7. The parties invited me to apply that provision to the facts as found by Judge Bennett. The Appellant is not a family member under reg 7, but he can qualify as an ‘extended family member’ if he meets “a condition in paragraph (2) (3) (4) or (5)” . The Appellant relied on paragraph 2:

(2) The condition in this paragraph is that the person is—
(a) a relative of an EEA national; and
(b) residing in a country other than the United Kingdom and is
dependent upon the EEA national or is a member of the EEA
national’s household; and either—
(i) is accompanying the EEA national to the United Kingdom or wants to join the EEA national in the United Kingdom; or
(ii) has joined the EEA national in the United Kingdom and continues to be dependent upon the EEA national, or to be a member of the EEA national’s household.

8. On the findings of Judge Bennett, we know that he is the “relative of an EEA national” who is “residing in a country other than the United Kingdom and is dependent upon the EEA national…”, so he meets the requirements at paragraph 2 (a) and (b). As to (c), the Appellant meets sub-clause (c)(i): he wants to join the EEA national in the United Kingdom. That being the case, Mr Tufan accepts, the Appellant is an extended family member, and the ECO must now consider his application on that footing.

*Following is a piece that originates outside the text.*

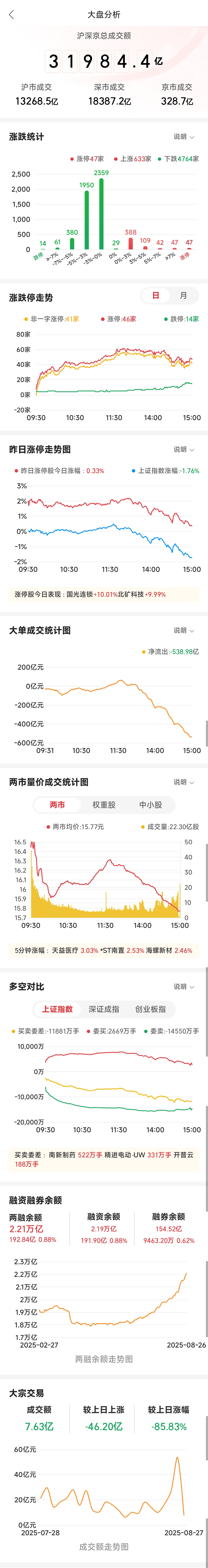 - 📉 指数与个股表现: 上证指数大跌 -1.76%,全市高达 4764家 公司下跌,上涨仅633家,市场情绪极度悲观。

9. The error accepted to have been made by Judge Bennett is in his misdirection at paragraph 12 of his decision. There the Tribunal summarises reg 8 as follows:

“…Mr A must establish that

(a) He is now either

(1) Dependent on ‘the EEA national’, therefore Mr NI, or
(2) A member of his household,

(3) Mr NI is residing in the United Kingdom ‘in accordance with’ the 2016 regulations..

(4) He (Mr A)

(1) Wishes to join Mr NI in the United Kingdom, and
(2) Would, if he were granted a family permit, continue to be either

(i) Dependent upon him (Mr NI) or
(ii) A member of his household

10. The unfortunate error in this perhaps unnecessary transposition of the regulation is highlighted in bold above: there is no ‘and’ between (1) and (2). It should have read ‘or’:

(2) The condition in this paragraph is that the person is—
(a) a relative of an EEA national; and
(b) residing in a country other than the United Kingdom and is
dependent upon the EEA national or is a member of the EEA
national’s household; and either—
(i) is accompanying the EEA national to the United Kingdom or wants to join the EEA national in the United Kingdom; or
(ii) has joined the EEA national in the United Kingdom and continues to be dependent upon the EEA national, or to be a member of the EEA national’s household.

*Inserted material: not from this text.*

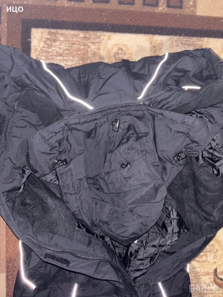 Отлично състояние. С сваляща се качулка и джобове с цип. Вътрешен джоб. Ципове на подмишниците. Дължина 106см. Широчина на подмишниците 50см. Дължина на крачол 80см. Размер L. Цена 130лв.

11. The consequence of this misdirection at paragraph 11 of the First-tier Tribunal’s decision was that it then spent a further 20 pages going into significant detail about why, on its findings, the Appellant could not show that he would continue to be dependent upon his brother-in-law once he arrived here, or that he would become part of his household. As the Secretary of State accepts, he was not required to show either of these things.

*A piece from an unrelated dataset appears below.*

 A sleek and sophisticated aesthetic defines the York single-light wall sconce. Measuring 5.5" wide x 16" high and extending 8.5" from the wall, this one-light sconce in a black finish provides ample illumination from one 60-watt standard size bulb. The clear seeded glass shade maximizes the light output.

12. The decision of the First-tier Tribunal is set aside, and the appeal is allowed. It is now for the ECO to exercise his discretion in deciding whether to grant a family permit.


Decisions

13. The decision of the First-tier Tribunal is set aside.

14. The decision in the appeal is remade as follows: the appeal is allowed on the grounds that the decision is not in accordance with EU law.

15. There is no order for anonymity.